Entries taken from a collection
--------------------

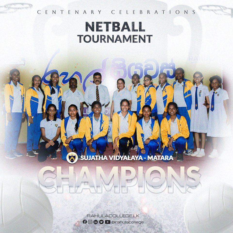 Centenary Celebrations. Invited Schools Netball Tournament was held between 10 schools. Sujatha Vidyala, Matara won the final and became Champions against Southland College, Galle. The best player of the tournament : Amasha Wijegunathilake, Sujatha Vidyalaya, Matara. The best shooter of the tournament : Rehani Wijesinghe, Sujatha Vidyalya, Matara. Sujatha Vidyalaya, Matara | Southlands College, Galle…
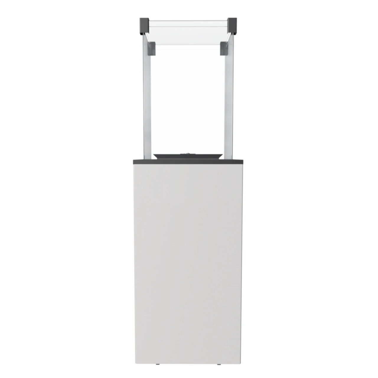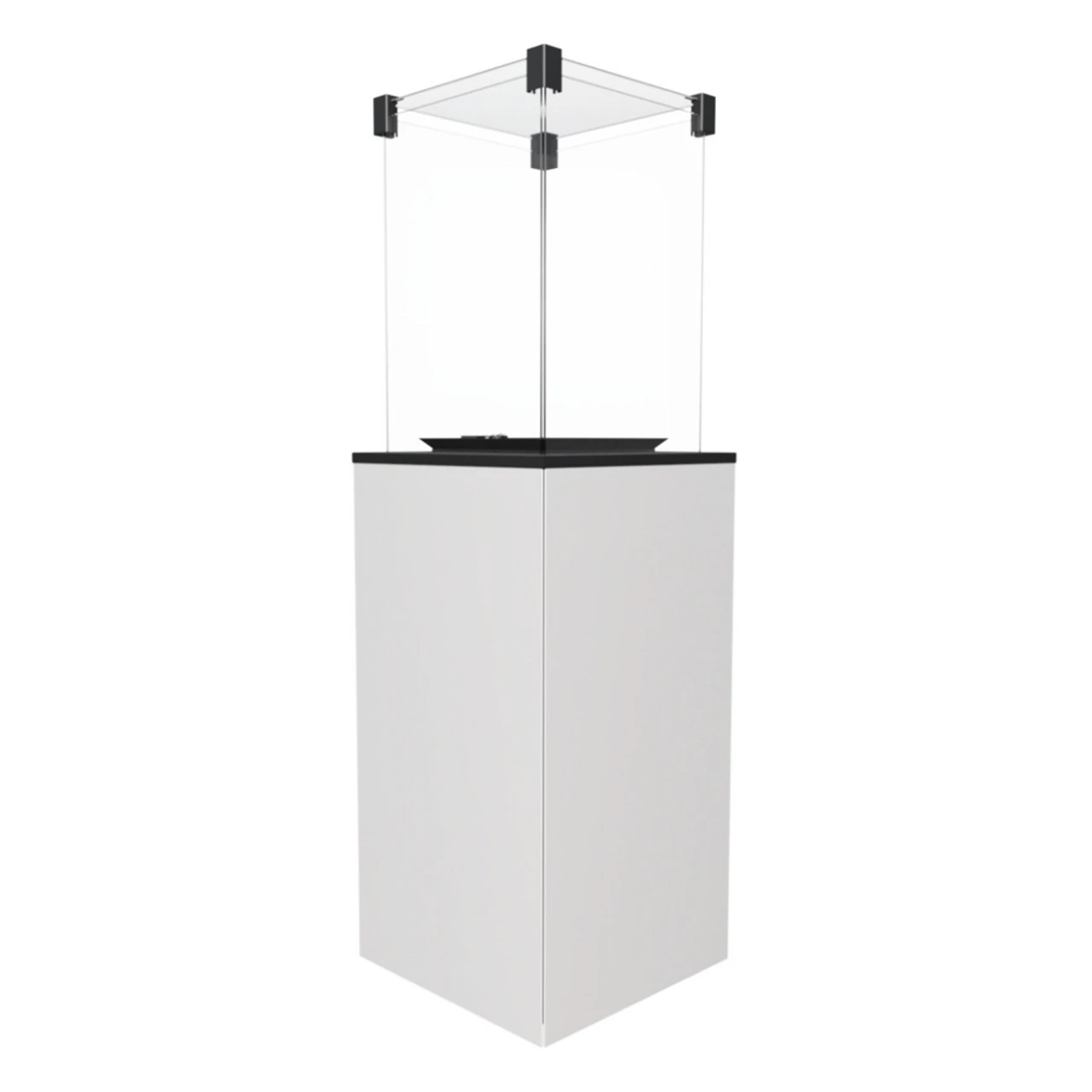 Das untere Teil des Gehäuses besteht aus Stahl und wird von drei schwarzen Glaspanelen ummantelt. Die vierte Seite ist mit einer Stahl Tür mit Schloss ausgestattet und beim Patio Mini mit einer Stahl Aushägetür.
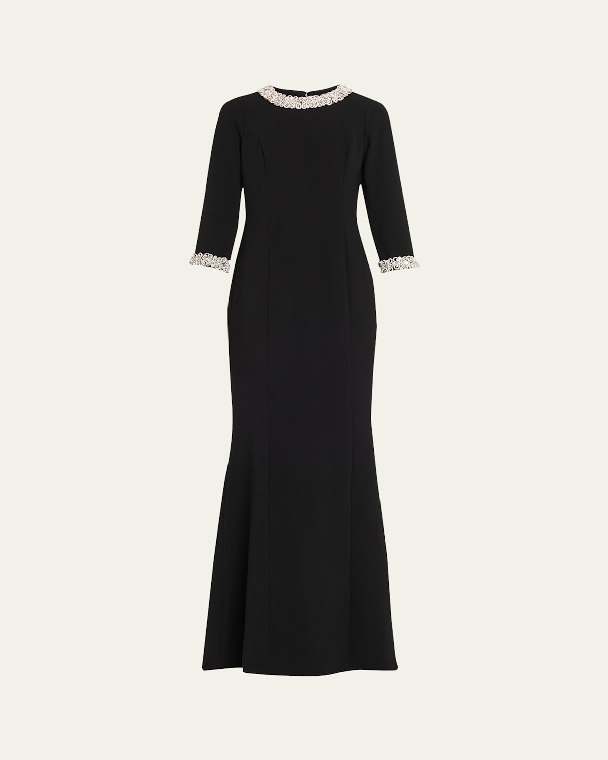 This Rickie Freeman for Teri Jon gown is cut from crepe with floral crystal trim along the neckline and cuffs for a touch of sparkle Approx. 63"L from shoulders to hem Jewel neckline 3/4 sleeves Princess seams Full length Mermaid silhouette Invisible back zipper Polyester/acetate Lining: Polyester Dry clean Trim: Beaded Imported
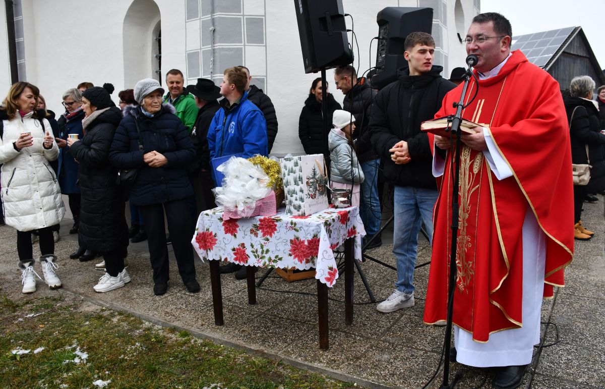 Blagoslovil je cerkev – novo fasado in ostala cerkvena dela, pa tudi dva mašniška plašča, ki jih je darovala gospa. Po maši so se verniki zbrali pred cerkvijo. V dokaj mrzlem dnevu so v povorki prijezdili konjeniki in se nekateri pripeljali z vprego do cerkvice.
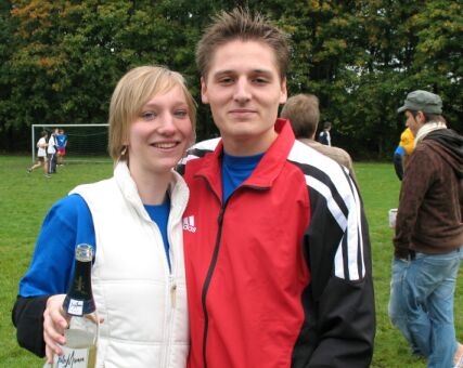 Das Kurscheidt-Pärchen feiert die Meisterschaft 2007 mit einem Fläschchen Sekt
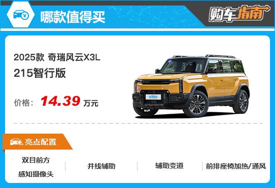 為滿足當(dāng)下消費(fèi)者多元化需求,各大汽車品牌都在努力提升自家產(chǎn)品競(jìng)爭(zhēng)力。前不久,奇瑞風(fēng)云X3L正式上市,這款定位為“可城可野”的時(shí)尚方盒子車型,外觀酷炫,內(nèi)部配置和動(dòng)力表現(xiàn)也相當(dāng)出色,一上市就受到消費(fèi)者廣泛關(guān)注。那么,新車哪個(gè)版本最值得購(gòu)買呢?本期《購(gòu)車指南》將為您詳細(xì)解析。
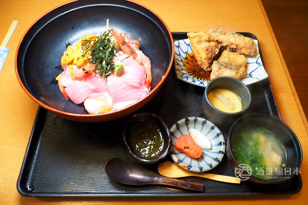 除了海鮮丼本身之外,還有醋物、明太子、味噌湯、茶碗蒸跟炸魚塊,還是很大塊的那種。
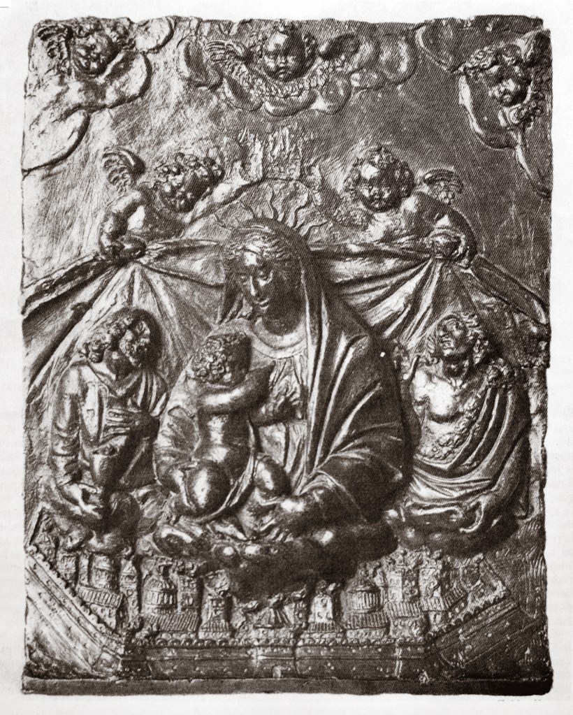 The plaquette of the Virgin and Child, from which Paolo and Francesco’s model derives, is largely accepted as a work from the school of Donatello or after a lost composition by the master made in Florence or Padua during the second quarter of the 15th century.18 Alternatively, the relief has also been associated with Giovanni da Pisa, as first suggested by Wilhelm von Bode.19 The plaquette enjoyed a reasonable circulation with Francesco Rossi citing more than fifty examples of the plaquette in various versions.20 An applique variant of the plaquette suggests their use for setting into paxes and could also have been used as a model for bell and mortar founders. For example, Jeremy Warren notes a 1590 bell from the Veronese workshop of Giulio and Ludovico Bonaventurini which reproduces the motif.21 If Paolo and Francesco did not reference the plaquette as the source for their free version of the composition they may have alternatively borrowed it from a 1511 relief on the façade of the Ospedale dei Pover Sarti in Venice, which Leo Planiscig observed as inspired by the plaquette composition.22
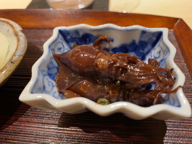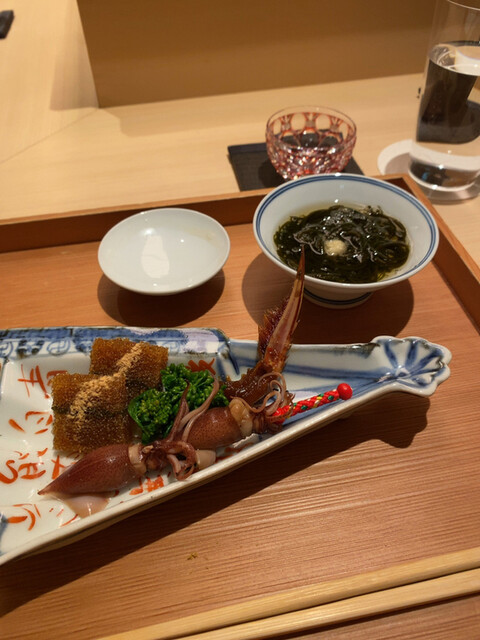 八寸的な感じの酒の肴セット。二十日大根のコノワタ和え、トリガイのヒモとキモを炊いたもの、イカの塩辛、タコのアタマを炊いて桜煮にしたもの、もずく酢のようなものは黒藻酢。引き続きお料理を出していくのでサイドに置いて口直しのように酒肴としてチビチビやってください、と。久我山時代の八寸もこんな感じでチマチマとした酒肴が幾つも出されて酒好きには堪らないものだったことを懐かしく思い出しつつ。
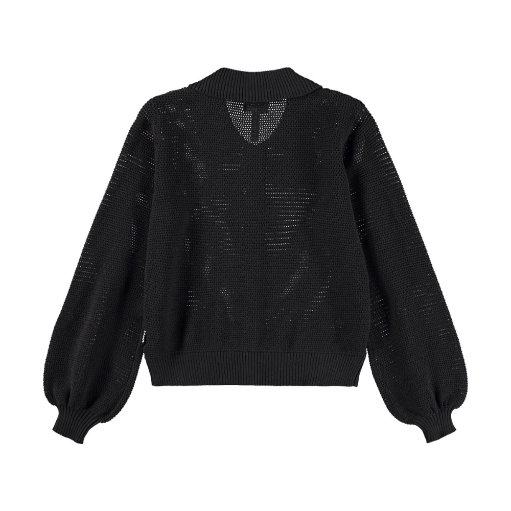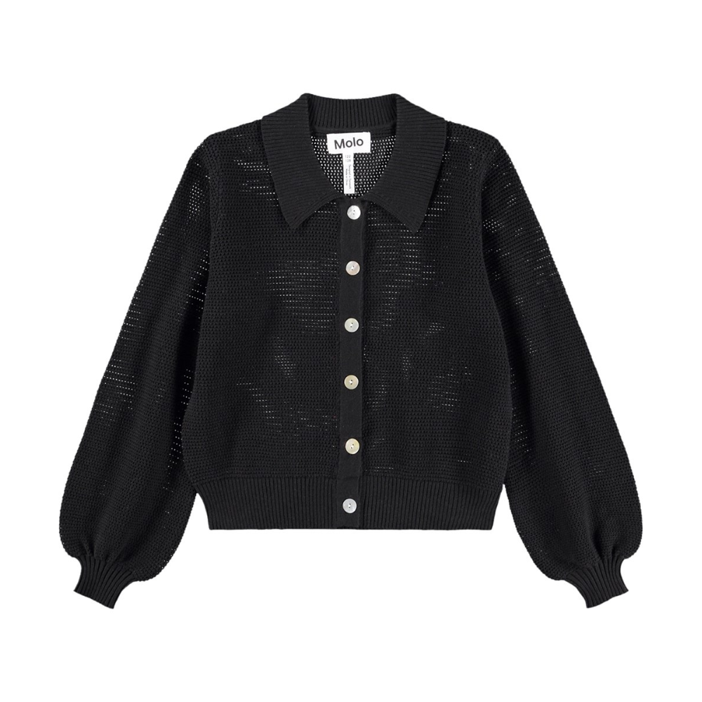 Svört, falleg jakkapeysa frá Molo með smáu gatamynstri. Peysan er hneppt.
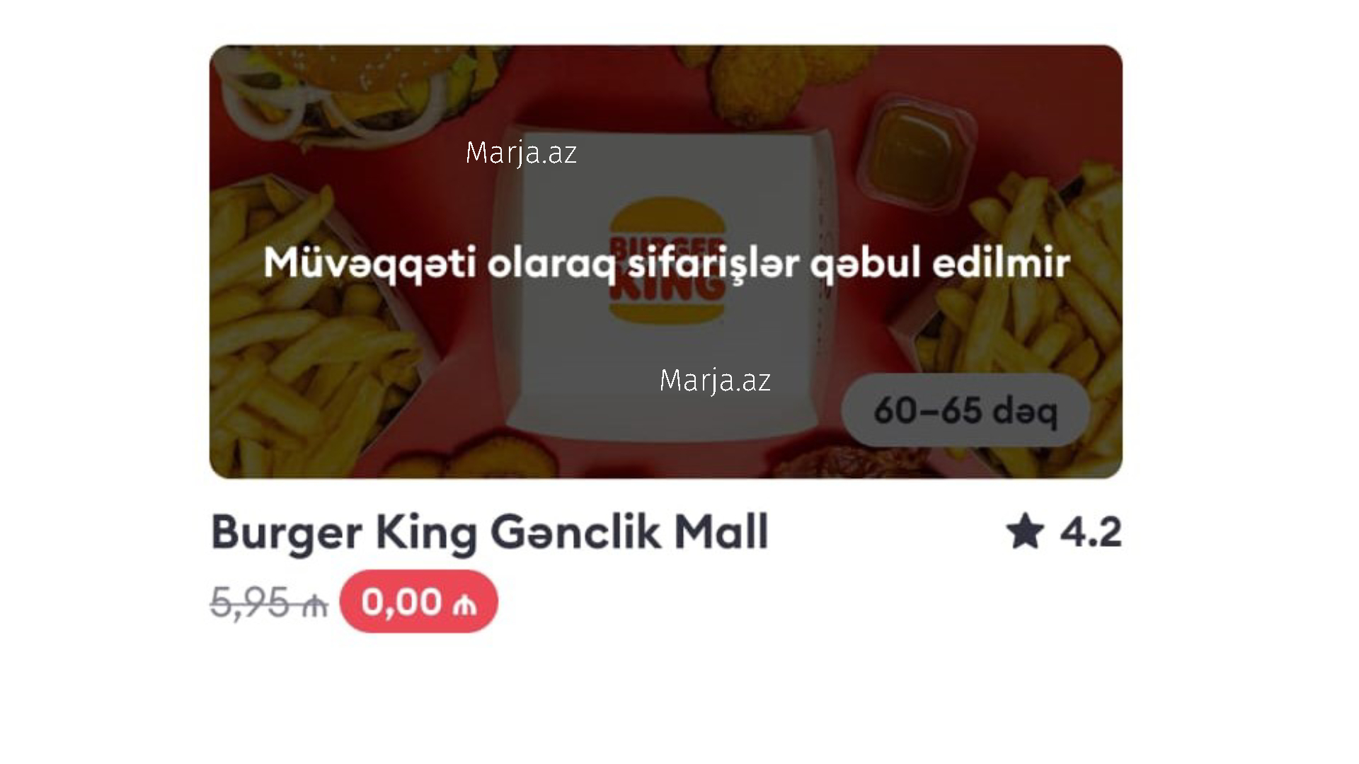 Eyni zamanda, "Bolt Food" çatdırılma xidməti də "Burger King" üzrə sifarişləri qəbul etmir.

--------------------

== INSTRUCTIONS TO FOLLOW ==
Beginning with the line where "八寸的な感じの酒の肴セット。" appears, restate word for word every line down to the last one in the data, but keep the pictures out.

== OUTPUT FOR THIS EXERCISE ==
 八寸的な感じの酒の肴セット。二十日大根のコノワタ和え、トリガイのヒモとキモを炊いたもの、イカの塩辛、タコのアタマを炊いて桜煮にしたもの、もずく酢のようなものは黒藻酢。引き続きお料理を出していくのでサイドに置いて口直しのように酒肴としてチビチビやってください、と。久我山時代の八寸もこんな感じでチマチマとした酒肴が幾つも出されて酒好きには堪らないものだったことを懐かしく思い出しつつ。
 Svört, falleg jakkapeysa frá Molo með smáu gatamynstri. Peysan er hneppt.
 Eyni zamanda, "Bolt Food" çatdırılma xidməti də "Burger King" üzrə sifarişləri qəbul etmir.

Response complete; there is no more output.